Saturday, September 2, 2006


How nice to have our adult kids visit this weekend. Caitlin and Jean-Luc come all the way from Ottawa. Jean-Luc helped with the cooking, which is a relief. Caitlin and I go into Gravenhurst, while Jean-Luc takes care of our supper. J-L also helps me by putting in a shelf in our bathroom. He is such a good man. I am so glad he is Caitlin’s husband. It is fun showing them how we had renovated the house. I have missed them.
The drive into town never ceases to amaze me with its beauty. Three deer are crossing the road ahead of us. They delicately tiptoe across the road, one at a time, checking both ways for threats – just the way I taught Caitlin to watch as she crossed the street. There are lessons in nature. Visitors must sign in to Leisureworld. There is a register for volunteers, outside professional staff and for visitors. Residents are no longer able to check both ways for danger. In fact, some must be watched carefully as their cognitive functioning is impaired. The staff must do it for them.
There is a keypad with a code for entry and exiting from the facility. This protects those who are at risk for flight. It lets staff know, in case of emergency, who is in the building. Caitlin and I went to the desk and I signed our names, the time of our visit, as well as the resident and the floor on which we are visiting. We put on our badges and went upstairs, using the anti-bacterial agent on our hands.
Dad knows Caitlin – he clearly shows recognition and is happy to see her. We get him organized, drop off our coats, and follow our regular dinner routine, wheeling Dad into the Muskoka Room. Caitlin helps me feed him, taking the spoon from me while I leave the room to get the rest of his meal. She helps by holding the cup to his mouth. Dad’s hands shake so much some days that he cannot hold the cup without spilling. Sometimes he can hold it; other times I keep my hand under the cup, or under his hand, as a safeguard. I have to be careful not to interfere too much. This diminishes his self-esteem and makes him angry if I show him that I do not think he can do something that he is capable of on this day.

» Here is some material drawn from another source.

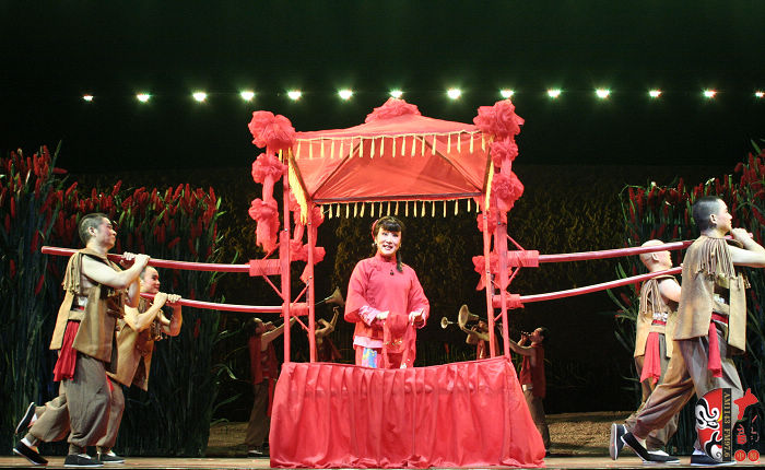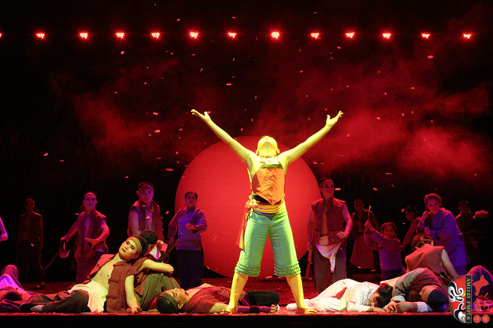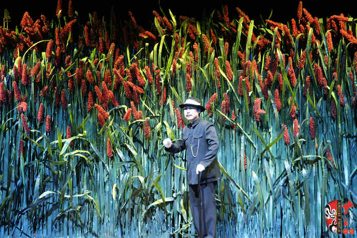 本劇以蓬蓬勃勃、充滿野性、有著旺盛生命力的紅高粱為意像,以九兒和十八刀的愛恨情仇為主線,描繪了上個世紀(jì)三、四十年代,先民們敢愛、敢恨、敢生、敢死的自由精神與生命氣度以及他們對入侵者不惜用鮮血和生命抗?fàn)?、可歌可泣而又悲壯慘烈的過程。最后九兒用高粱酒做炸藥,引爆了日本人的軍火車,軍火車的爆炸又扎爆了熟透了的高粱米,滿天都飄灑著絢麗的高粱花——這是他們的鮮血之花、靈魂之葩,更是他們精神的升華。

Dad cannot hear Caitlin, she has a very soft voice, but he knows she is trying to take care of him. He has been angry with me and this is a blessed relief to have support and a young, fresh and familiar face. We are both discussing his gradual decline on the way home. Not as shocking as for some, since she saw him at his worst in May. Home we went for a delicious meal and some family time. To everything there is a season and I am now the matriarch.